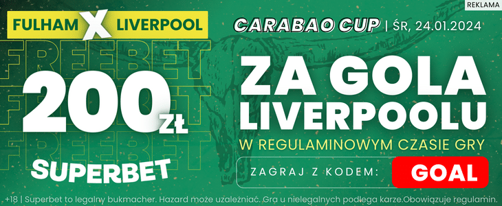 Specjalną promocję z okazji tego półfinału Carabao Cup przygotował Superbet. Bukmacher gwarantuje freebet o wartości 200 zł za bramkę Liverpoolu. W celu skorzystania z oferty należy podać podczas rejestracji kod promocyjny Superbet, który brzmi GOAL i umożliwia aktywację pakietu powitalnego 3775 zł + 600 zł.
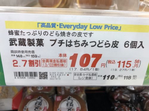 武蔵製菓のプチはちみつどら皮の金額
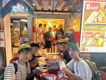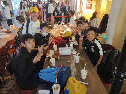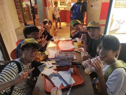 体験活動をしている児童の様子を見に行くと、すでに食事をしているグループがたくさんあります。お腹が空いているので、「おいしい」とうれしそうに話をしていました。
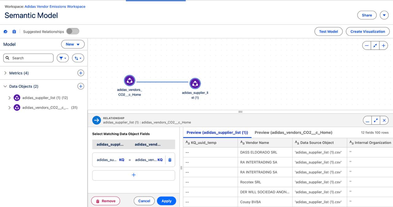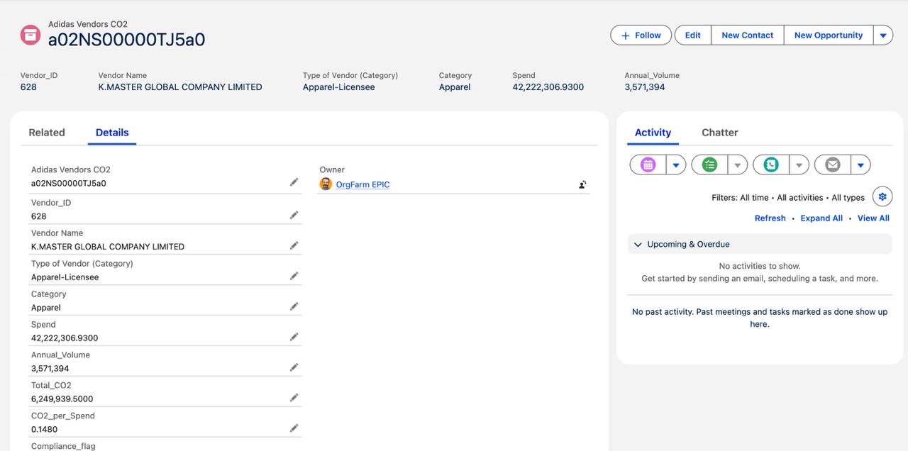 - Created a custom object: Adidas Vendors CO2
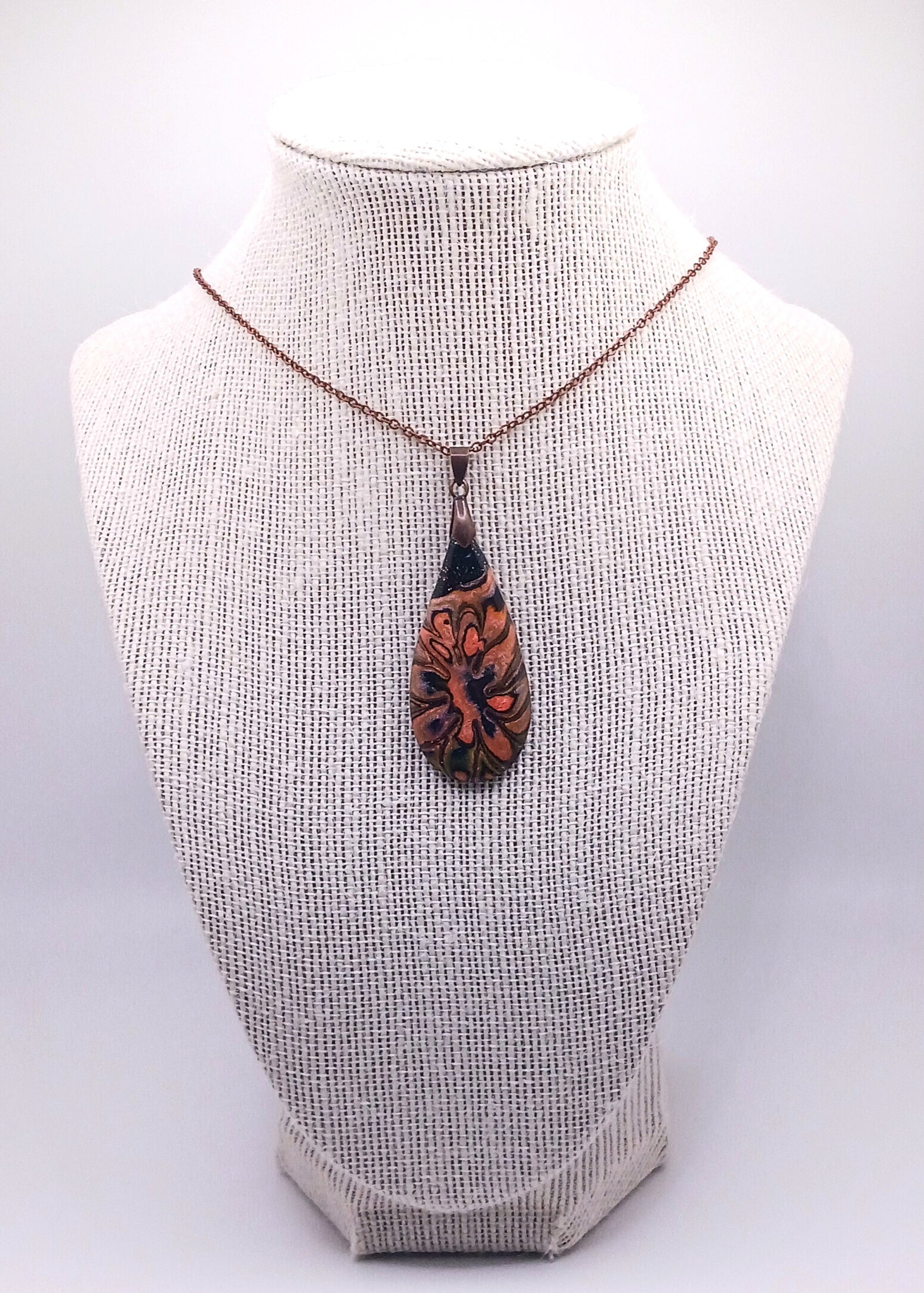 Layers of sunset pearl, orange, bronze over midnight black paired with bronze pinch bale and chain. Sealed with epoxy resin. Dimensions are 1" x 2 1/4" x 14".
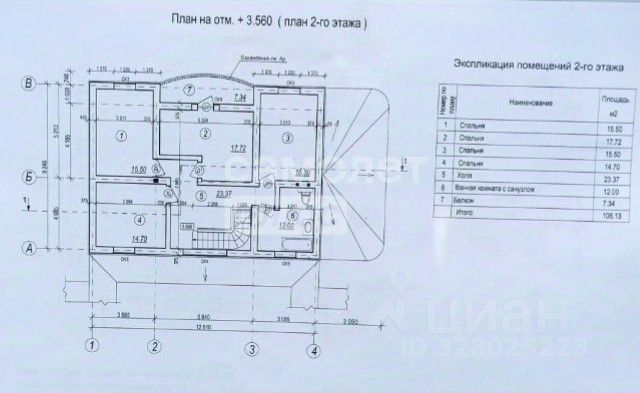 2 этаж: Коридор (12), 3 спальни (13,15,16) и санузел (14).
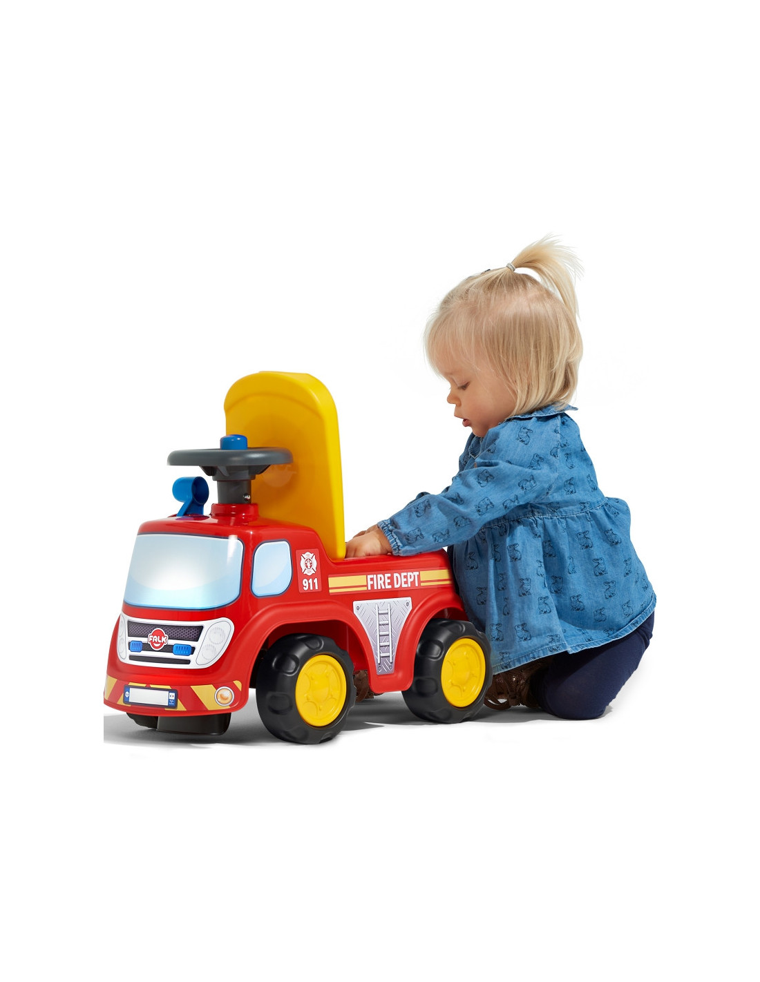 FALK ugniagesių ugniagesių automobilis yra važiuojamasis automobilis, kuris pradžiugins jūsų vaiką. Dėl vairo su garso signalu jūsų mažylis galės lengvai manevruoti lavindamas motorinius įgūdžius Šiame vaikiškame vežimėlyje yra praktiška daiktadėžė, esanti po sėdyne. Jame taip pat yra valstybinis numeris, ant kurio galite pavadinti važiavimą!
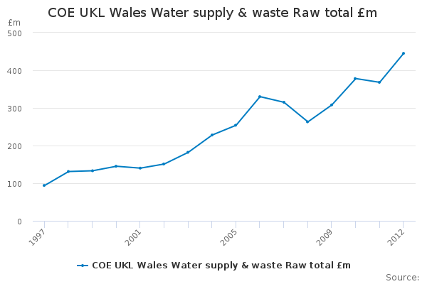 Download this time seriesCOE UKL Wales Water supply & waste Raw total £m
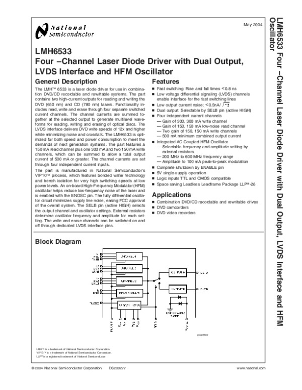 Просмотр технического описания на LMH6533
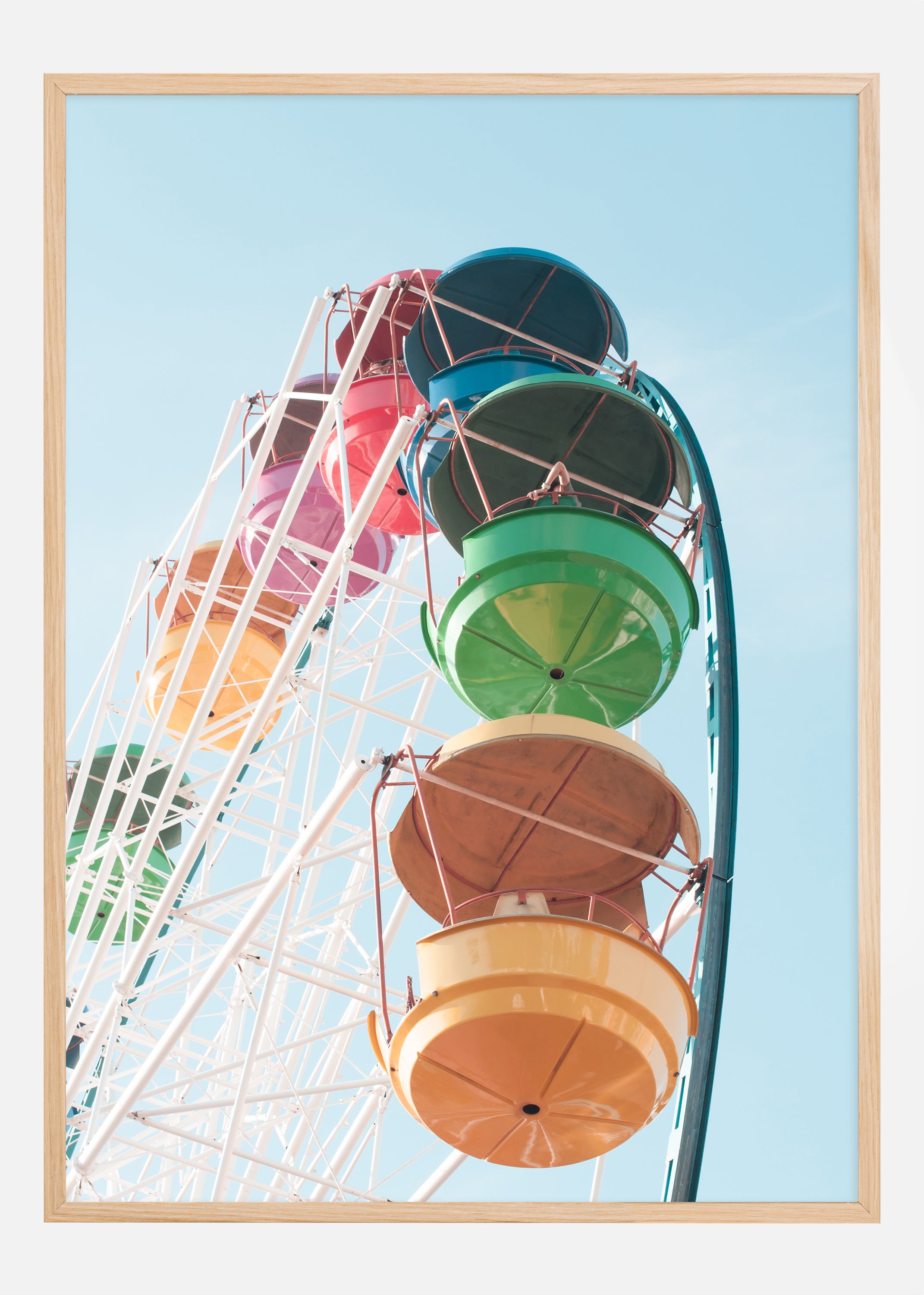 Our range of posters presents here a detailed depiction of a ferris wheel, whose gondolas shimmer in shades of pink, red, blue, green, orange, and yellow. The colors are vibrant and expressive, contrasted against an elegant white structure and the minimalist beauty of the open sky. Perfect for creating visual interest in any room, and this print is guaranteed to be a conversation piece among your guests.

* Task brief: Only the pictures are to be left out; everything else in the entries above must be duplicated exactly.

* Task output:
 Specjalną promocję z okazji tego półfinału Carabao Cup przygotował Superbet. Bukmacher gwarantuje freebet o wartości 200 zł za bramkę Liverpoolu. W celu skorzystania z oferty należy podać podczas rejestracji kod promocyjny Superbet, który brzmi GOAL i umożliwia aktywację pakietu powitalnego 3775 zł + 600 zł.
 武蔵製菓のプチはちみつどら皮の金額
 体験活動をしている児童の様子を見に行くと、すでに食事をしているグループがたくさんあります。お腹が空いているので、「おいしい」とうれしそうに話をしていました。
 - Created a custom object: Adidas Vendors CO2
 Layers of sunset pearl, orange, bronze over midnight black paired with bronze pinch bale and chain. Sealed with epoxy resin. Dimensions are 1" x 2 1/4" x 14".
 2 этаж: Коридор (12), 3 спальни (13,15,16) и санузел (14).
 FALK ugniagesių ugniagesių automobilis yra važiuojamasis automobilis, kuris pradžiugins jūsų vaiką. Dėl vairo su garso signalu jūsų mažylis galės lengvai manevruoti lavindamas motorinius įgūdžius Šiame vaikiškame vežimėlyje yra praktiška daiktadėžė, esanti po sėdyne. Jame taip pat yra valstybinis numeris, ant kurio galite pavadinti važiavimą!
 Download this time seriesCOE UKL Wales Water supply & waste Raw total £m
 Просмотр технического описания на LMH6533
 Our range of posters presents here a detailed depiction of a ferris wheel, whose gondolas shimmer in shades of pink, red, blue, green, orange, and yellow. The colors are vibrant and expressive, contrasted against an elegant white structure and the minimalist beauty of the open sky. Perfect for creating visual interest in any room, and this print is guaranteed to be a conversation piece among your guests.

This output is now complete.